Unnamed: 0,Pregnancies,Glucose,BloodPressure,SkinThickness,Insulin,BMI,DiabetesPedigreeFunction,Age,Outcome
0,6,148,72,35,0,33.6,0.627,50,1
1,1,85,66,29,0,26.6,0.351,31,0
2,8,183,64,0,0,23.3,0.672,32,1
3,1,89,66,23,94,28.1,0.167,21,0
4,0,137,40,35,168,43.1,2.288,33,1


In [3]:
## Let's use describe method to see if there is anything suspicious
df.describe().T

# NEEDS more cleaning than we do here because of the zeros that actually mean missing

Unnamed: 0,count,mean,std,min,25%,50%,75%,max
Pregnancies,768.0,3.845052,3.369578,0.0,1.0,3.0,6.0,17.0
Glucose,768.0,120.894531,31.972618,0.0,99.0,117.0,140.25,199.0
BloodPressure,768.0,69.105469,19.355807,0.0,62.0,72.0,80.0,122.0
SkinThickness,768.0,20.536458,15.952218,0.0,0.0,23.0,32.0,99.0
Insulin,768.0,79.799479,115.244002,0.0,0.0,30.5,127.25,846.0
BMI,768.0,31.992578,7.88416,0.0,27.3,32.0,36.6,67.1
DiabetesPedigreeFunction,768.0,0.471876,0.331329,0.078,0.24375,0.3725,0.62625,2.42
Age,768.0,33.240885,11.760232,21.0,24.0,29.0,41.0,81.0
Outcome,768.0,0.348958,0.476951,0.0,0.0,0.0,1.0,1.0


In [4]:
## Now let's use info method
df.info()

<class 'pandas.core.frame.DataFrame'>
RangeIndex: 768 entries, 0 to 767
Data columns (total 9 columns):
Pregnancies                 768 non-null int64
Glucose                     768 non-null int64
BloodPressure               768 non-null int64
SkinThickness               768 non-null int64
Insulin                     768 non-null int64
BMI                         768 non-null float64
DiabetesPedigreeFunction    768 non-null float64
Age                         768 non-null int64
Outcome                     768 non-null int64
dtypes: float64(2), int64(7)
memory usage: 54.1 KB


In [5]:
## separate target variable from features
target = df.Outcome
df.drop('Outcome', axis=1, inplace=True)

In [6]:
## Let's see the distribution of 1's and 0's
np.unique(target, return_counts= True)

(array([0, 1]), array([500, 268]))

In [7]:
## Split data into test train
X_train, X_test, y_train, y_test = train_test_split(df, target, test_size=0.20, stratify=target)
# stratified the target

Note that in this problem it makes sense to focus on recall score as we don't want to  misclassify patients with diabetes.

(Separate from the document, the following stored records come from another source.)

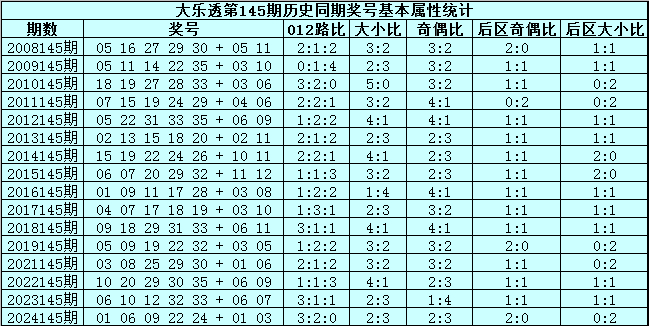 后区判断:后区第145期历史同时奖号大小比总比例为2:14,大号出现较少,本期看好大号回补,刺眼一大一小,两码参考05、07。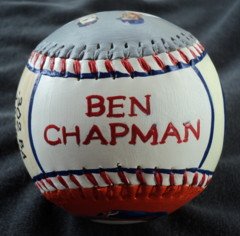 Side five, which is the top of the baseball, has "Ben Chapman" hand painted in Phillies colors.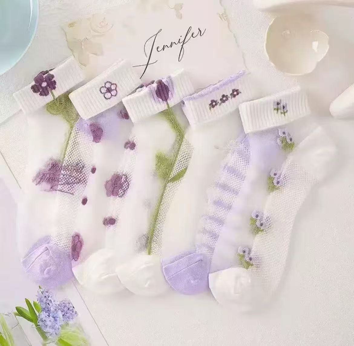 夏季女短袜薄款丝袜玻璃丝花边水晶船袜透气低帮浅口袜花朵卡丝袜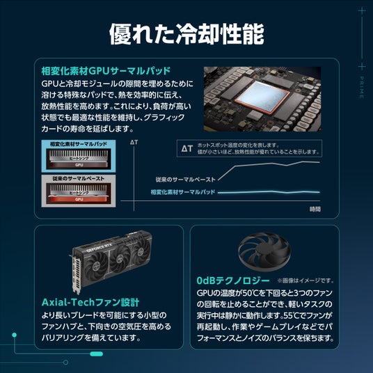 GPU温度が50°C未満でファン停止、55°C以上で再起動し、性能と静音を両立。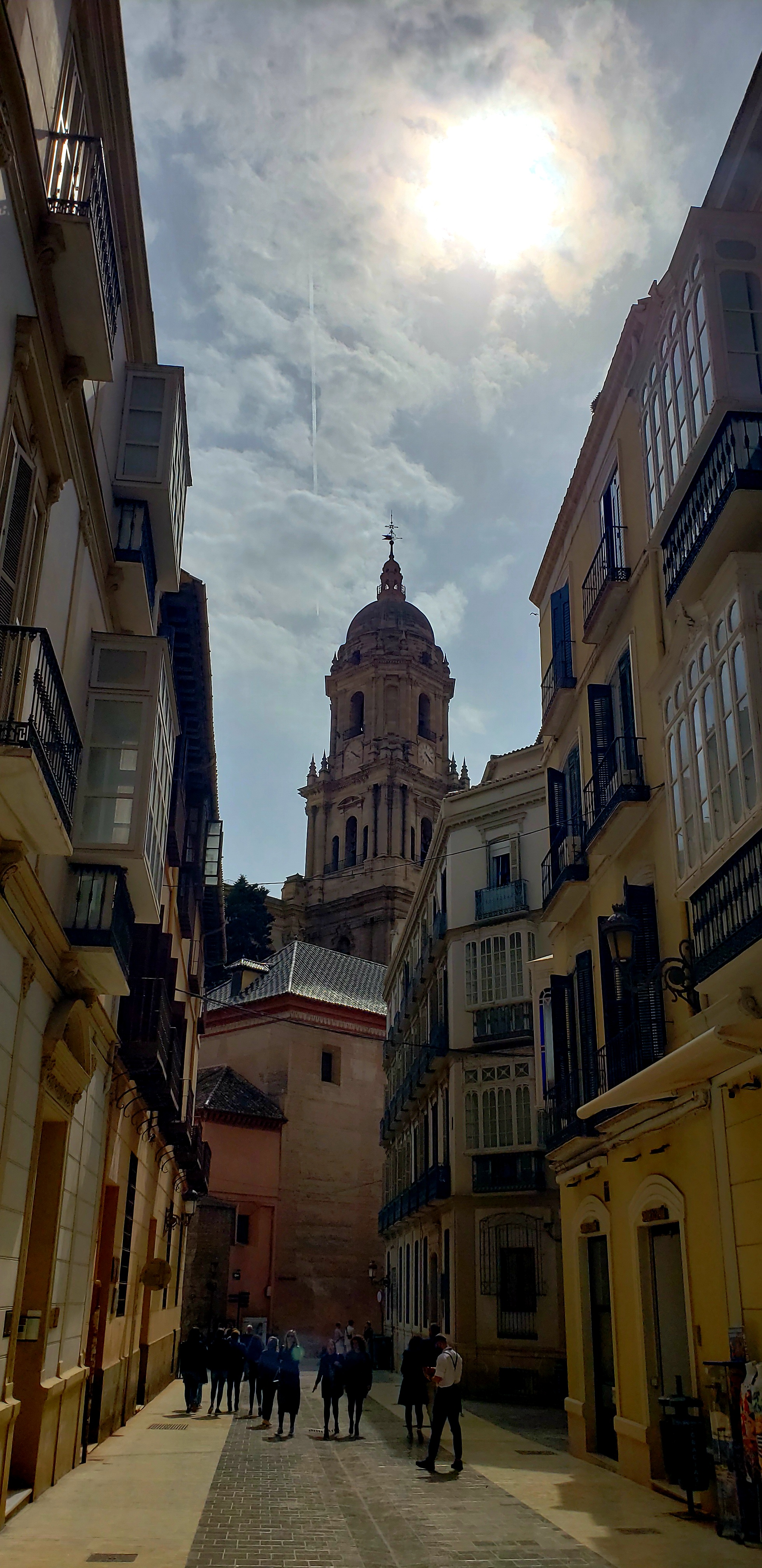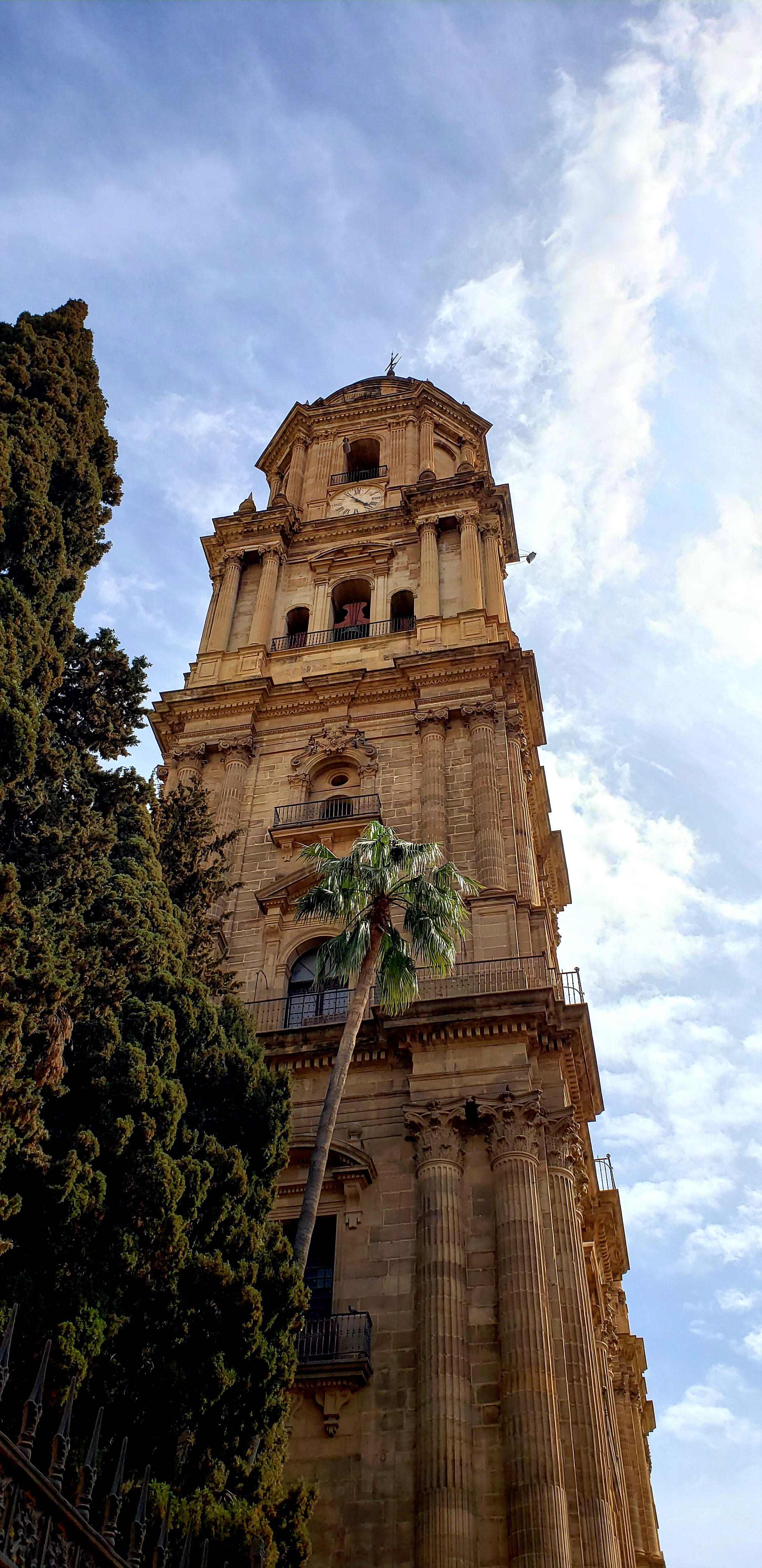 Old Town is near the Cathedral of Málaga, which towers over the narrow streets and tan and yellow buildings. At the time we arrived, there had been major rain storms which brought with them Sahara desert sand and covered everything from the streets and buildings to cars with a light layer of sand. I am unsure at present if we will visit the inside of the Cathedral, as, after our recent trips to Burgos and San Sebastian, we visited a lot of churches, and one can become “churched-out” as it were. Still, I was able to take some pictures from the outside of the church.

Recall score = $\frac{tp}{(tp + fn)}$


In [8]:
## First let's fit a logistic regression model to see the baseline
## we will also use pipelines
from sklearn.linear_model import LogisticRegression
from sklearn.pipeline import Pipeline

## we will apply standard scaling to Logistic regression
## because we might want to use regularization

from sklearn.preprocessing import StandardScaler

In [9]:
## ll estimators in a pipeline, except the last one,
## must be transformers (i.e. must have a transform method). 
## The last estimator may be any type (transformer, classifier, etc.)

pipe = Pipeline([('ss', StandardScaler()), 
                 ('log_reg', LogisticRegression(random_state=123,
                                                max_iter = 500, 
                                                solver = 'saga'))])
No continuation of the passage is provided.